Last week Gourmet magazine was euthanized at the ripe old age of 68 by its masters at Condé Nast. Christopher Kimball, founder/publisher/editor of Cook’s Illustrated and third-rate Garrison Keillor wannabe, promptly started mourning on the New York Times Op-ed page and sussed out who was really to blame for the magazine’s death: the internet, and everyone on it, seemingly. Certainly the instant pundits, anonymous Twitter users and poor “CM,” author of the recipe that is Google’s first return for “broccoli casserole,” which Kimball guarantees will be disappointing.[1]

According to Kimball, when the barrier of entry is lowered and more folks have an opportunity to peddle their wares in the marketplace of ideas, the room available to “thoughtful, considered editorial”‘ is severely diminished, because “everyone has an equal voice” on “this ship of fools.”

Hamilton Nolan countered the notion on Gawker, saying, “the democratic aspect of the internet that’s so terrifying to the old guard is not one that means that every opinion is equal; it just means that every opinion can be equally heard.” And that’s what makes it so easy to find thoughtful, considered editorial in the wilderness of the Web: the fact that people who have thoughtful, considered things to say about a topic and may very well be experts on that topic -  but might not have had the means, the time, or the inclination to speak on that topic in a traditional media outlet – can go ahead and talk about it.

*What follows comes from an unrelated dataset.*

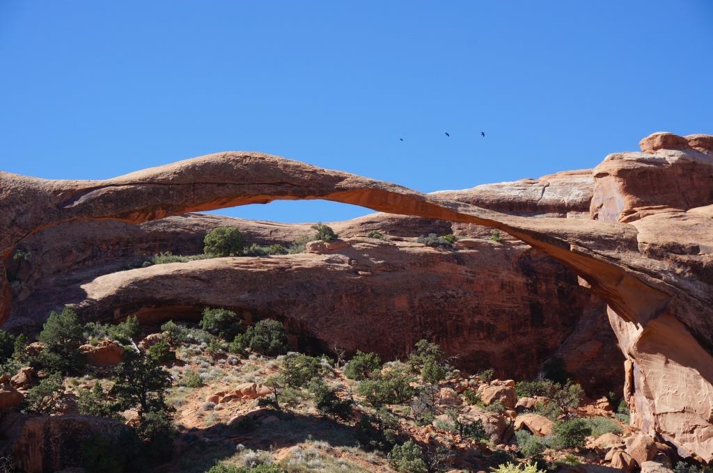 Our hike took us to six arches, the first being Landscape Arch, about a mile up the trail. Less intrepid hikers might stop there, but of course we didn’t. That’s us, the Intrepid Duo.

Of course, there’s plenty of bullshit on the Internet, too, but it’s hardly like the apocalyptic vision Kimball has running through his head, because the shit isn’t just flowing freely. The trick is that on the Internet, every reader is their own gatekeeper. We don’t have to rely on any Christopher Kimballs to tell us which information is worth our time which experts and pundits pass muster and which editorial is thoughtful and considered. A reader keeps pointing and clicking and hunting and pecking, and the wheat is eventually separated from the chaff and the cream rises to the top.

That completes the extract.